As the really, really obvious evidence that Merrick is telling the truth piles up - some of which Madeleine should already know (such as how annullments work and that her political father had political motivations to keep her from Merrick), it makes the heroine's actions look both selfish and stupid. Carlyle actually turns the results of their elopement into a bit of mystery, which is both unnecessary and boring since we already know what's happened.

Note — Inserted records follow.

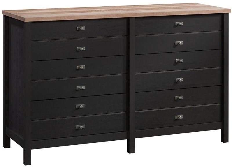 This bedroom dresser features six spacious drawers that open and close on smooth metal runners for easy access storage of a variety of different items: from stacks of slacks and button-up shirts to your collection of leggings and cozy sweatshirts. Each drawer is detailed with attractive hardware that gives it an extra touch of style. The spacious top surface of this double dresser provides you with additional space to store other bedroom essentials and display home décor items like an accent lamp, bottles of perfume, your makeup bag and photos of your family and friends too! Finished in Raven Oak® with Lintel Oak® accent, this bedroom furniture will have you feeling like a storage pro.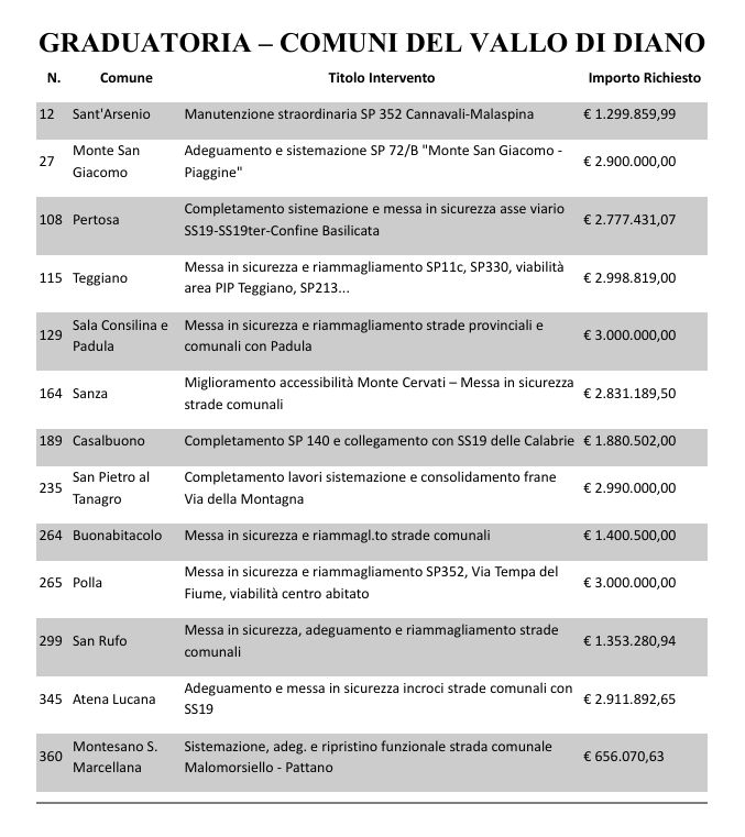 La Regione Campania ha appena approvato interventi per 1 miliardo di euro sul Bando Strade regionali. Nel solo Vallo di Diano questo si traduce in un finanziamento da 33milioni 999mila 546,78 euro su 13 progetti, alcuni dei quali intercomunali.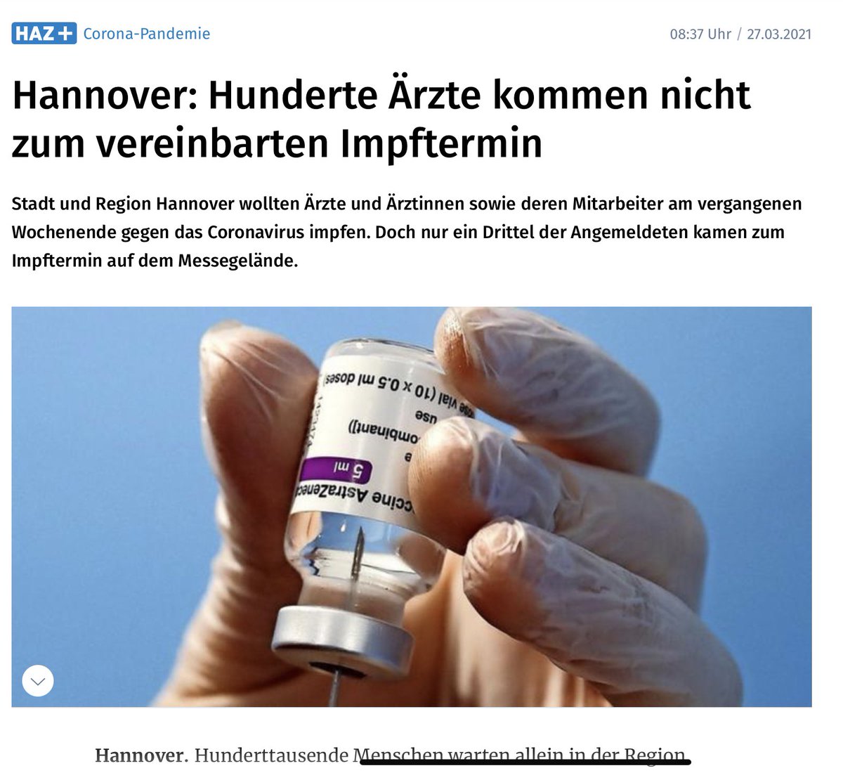 Two-thirds of doctors in Hannover are skipping their vaccination appointments. Once again, aside from predictable demographic segments of the population who have been traumatised by health propaganda, very few people seem to be scared of Corona.https://twitter.com/rosenbusch_/status/1375738707031027714 …
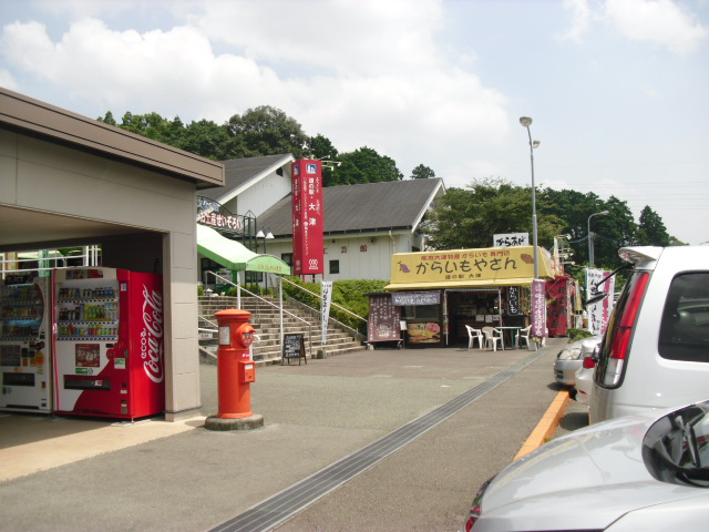 多くの車でにぎわう道の駅です。駐車場に沿って多くの屋台店が並び、団子やたこ焼きなどを売っていました。中には、「からあげ職人」といった専門性の高い店もありました。熊本の物産をたくさん集めていて、見ているだけで目移りしました。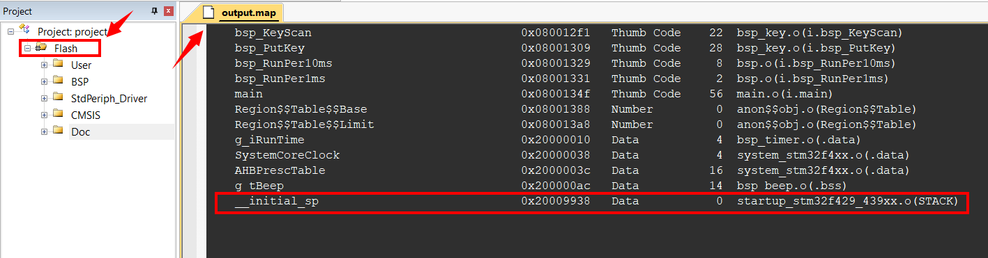 3.打开你的工程,鼠标双击工程文件。就会出来对应的.out文件查看中断向量列表在内部flash的存储。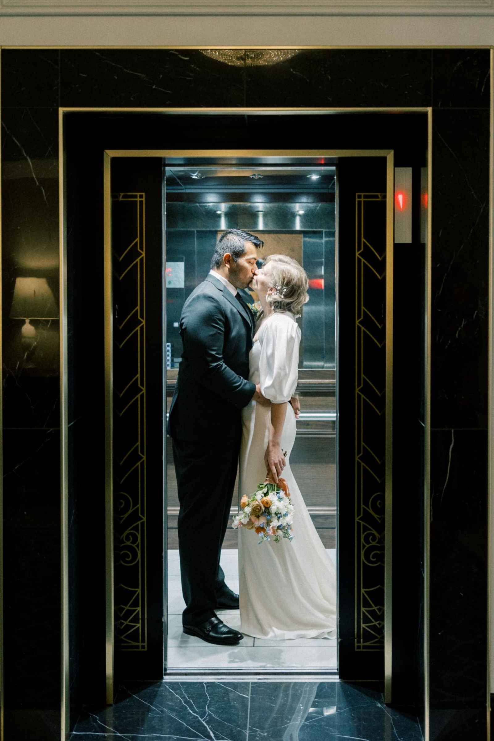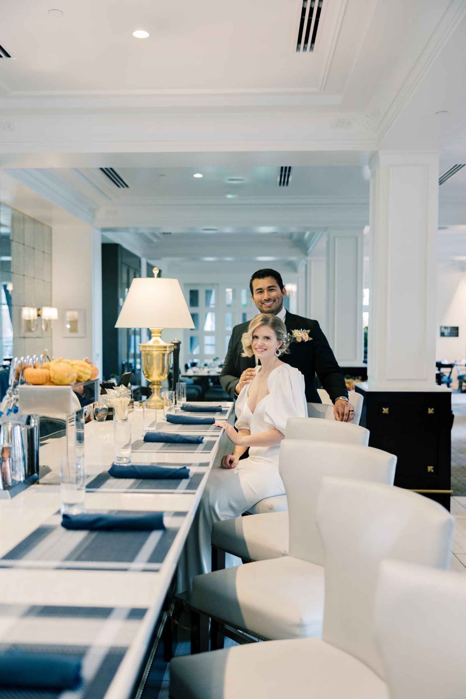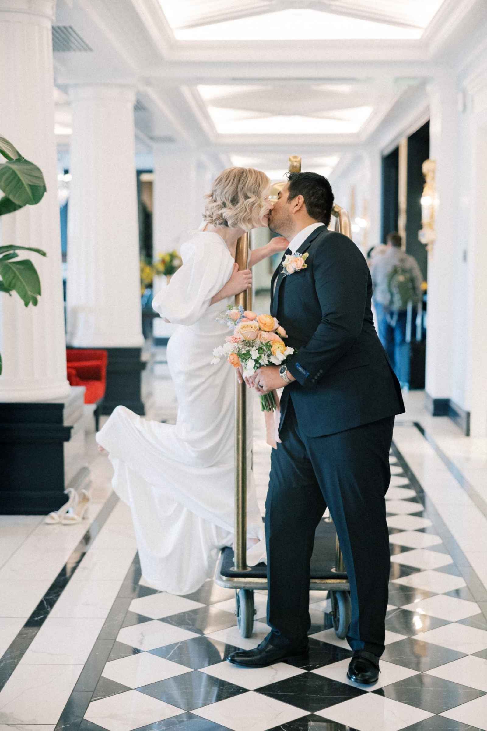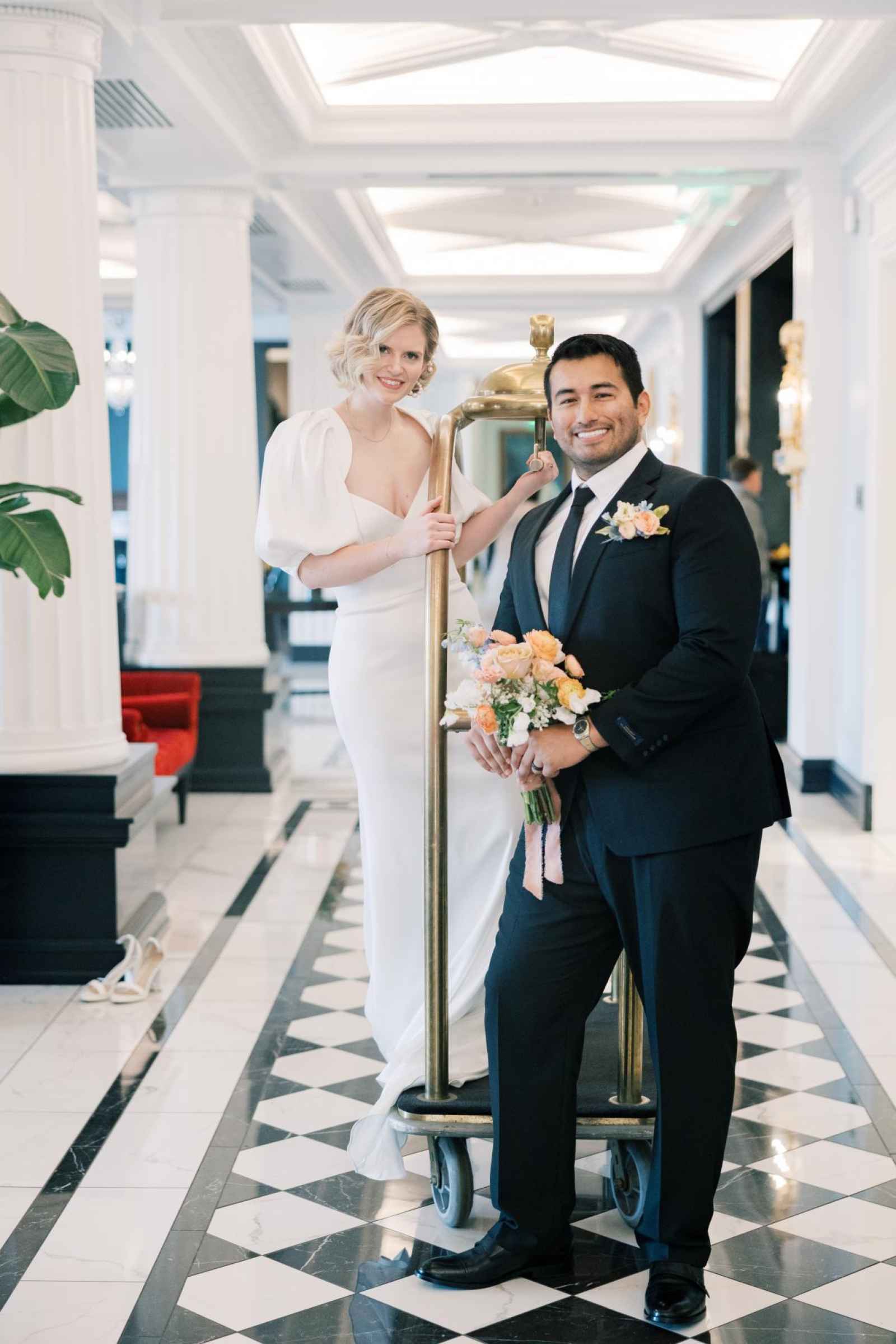 With Carmel becoming a blossoming city for weddings, Ashley desired a venue in that area to host this shoot. Once she saw Hotel Carmichael, Ashley knew it was the one! The elegant details and romantic colors around the space were what really sold the team. An additional benefit was its close proximity to notable landmarks and beautiful photo-op locations. Some of our favorite aspects of the hotel include the incredible natural light in the ballroom, expansive balcony, grand staircase and cozy lounge, to name a few!

Their squabbling gets old really fast, and they continue it for most of the book. It's not wry ribbing or witty banter, but vicious, intentionally hurtful bitching. Their spiteful catfighting continues for the better part of the book, and this is what ultimately hinders the romance. There isn't a real build-up or resurgence of romantic feeling - it's just Bitch, Bitch, Bitch, Bitch, Bitch - oh, we were tricked? Okay then. Luuuurv. It's recycled love - once the Big Mis finally peters out, they just revert to how they felt before, rather than any new feelings they might have developed knowing each other as adults.

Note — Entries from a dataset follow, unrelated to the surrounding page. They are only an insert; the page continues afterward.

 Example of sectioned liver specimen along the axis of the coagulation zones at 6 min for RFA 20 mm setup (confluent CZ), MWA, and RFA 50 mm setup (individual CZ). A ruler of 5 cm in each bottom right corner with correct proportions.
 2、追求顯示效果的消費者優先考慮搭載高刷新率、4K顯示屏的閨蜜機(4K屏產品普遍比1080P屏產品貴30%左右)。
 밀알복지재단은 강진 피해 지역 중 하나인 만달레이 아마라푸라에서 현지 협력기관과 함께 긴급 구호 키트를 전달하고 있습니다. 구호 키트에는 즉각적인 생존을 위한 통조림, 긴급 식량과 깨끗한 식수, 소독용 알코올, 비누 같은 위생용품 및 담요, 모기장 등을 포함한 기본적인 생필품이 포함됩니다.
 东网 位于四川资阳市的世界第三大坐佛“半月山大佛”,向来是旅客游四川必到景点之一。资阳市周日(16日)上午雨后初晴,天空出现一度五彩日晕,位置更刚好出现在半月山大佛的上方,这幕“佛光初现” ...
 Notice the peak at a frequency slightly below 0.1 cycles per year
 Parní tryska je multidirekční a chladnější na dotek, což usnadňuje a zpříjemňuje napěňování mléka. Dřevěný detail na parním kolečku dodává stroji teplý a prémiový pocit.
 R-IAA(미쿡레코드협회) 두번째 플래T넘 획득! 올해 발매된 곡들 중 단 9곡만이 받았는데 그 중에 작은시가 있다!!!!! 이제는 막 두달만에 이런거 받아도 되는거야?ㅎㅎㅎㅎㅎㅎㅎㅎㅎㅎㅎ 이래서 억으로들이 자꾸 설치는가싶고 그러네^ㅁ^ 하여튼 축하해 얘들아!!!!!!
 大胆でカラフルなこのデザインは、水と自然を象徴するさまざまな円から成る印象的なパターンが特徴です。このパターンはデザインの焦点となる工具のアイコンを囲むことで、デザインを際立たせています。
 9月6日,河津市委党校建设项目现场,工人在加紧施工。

But hey, take away the Big Mis (which was stretched out way past its welcome thanks to the heroine) and everything's just fine and dandy, right?
As you may have guessed by now, I hate the heroine. She's kind of a bitch. No, she's worse: a shrew. With more than one book I've discovered I tend to think bitchy heroines are awesome. But a shrew, in my mind, is a woman who is all bark and no bite. Instead of actually backing anything up or taking action, Madeleine just sits on her ass and throws insults at Merrick, or else coos helpless motherisms at her son without actually helping him. She's definitely a pupil of the "Oh, you heartless fiend!" school of dialogue, complete with the requisite "traitorous body" that melts like lustful margarine in a microwave at the merest flutter of the hero's eyelashes.
As well, the historical setting is disappointingly vague. No dates are given, no specific fashions are mentioned, gaslights are noted once in passing, and only a mention of Queen Adelaide (wife to William the 4th, he who reigned between George 4 and Victoria) gives us any real indication. With all the talk of Merrick's development company, work ethic and business discussions, it all seemed a bit too modern to me, which gave this novel the taint of a wallpaper historical.
When it all comes down to it though - a major reason why this book didn't work for me is become I'd already read a wonderful book - actually, a novella - that had the exact same plot but managed it so much better in every respect. In Mary Balogh's "Spellbound," from the It Happened One Night anthology, we also have a hero and heroine who reunite a decade after their elopement was botched by an angry father. Again, both protagonists believe the other responsible. However, in the shorter format of a novella, the misunderstanding was confronted and solved in realistic amount of time, but the characters' shared pain and longing still came through. Really, at nearly every point in Three Little Secrets I ended up comparing it to "Spellbound," usually unfavourably.
However, despite my annoyances with this novel, it wasn't strictly bad. Other than the aforementioned harping and bitching, the writing was serviceable. The secondary characters were all well-drawn, and the characters from previous series keep their Prequel Baggage to themselves and contribute to the current storyline.For all my problems with Merrick and Madeleine, there was enough character development and backstory to motivate their pain and their actions, even if I thought Madeleine was irritatingly passive. I still have Tempted All Night on my TBR, so I won't give up on Liz Carlyle yet.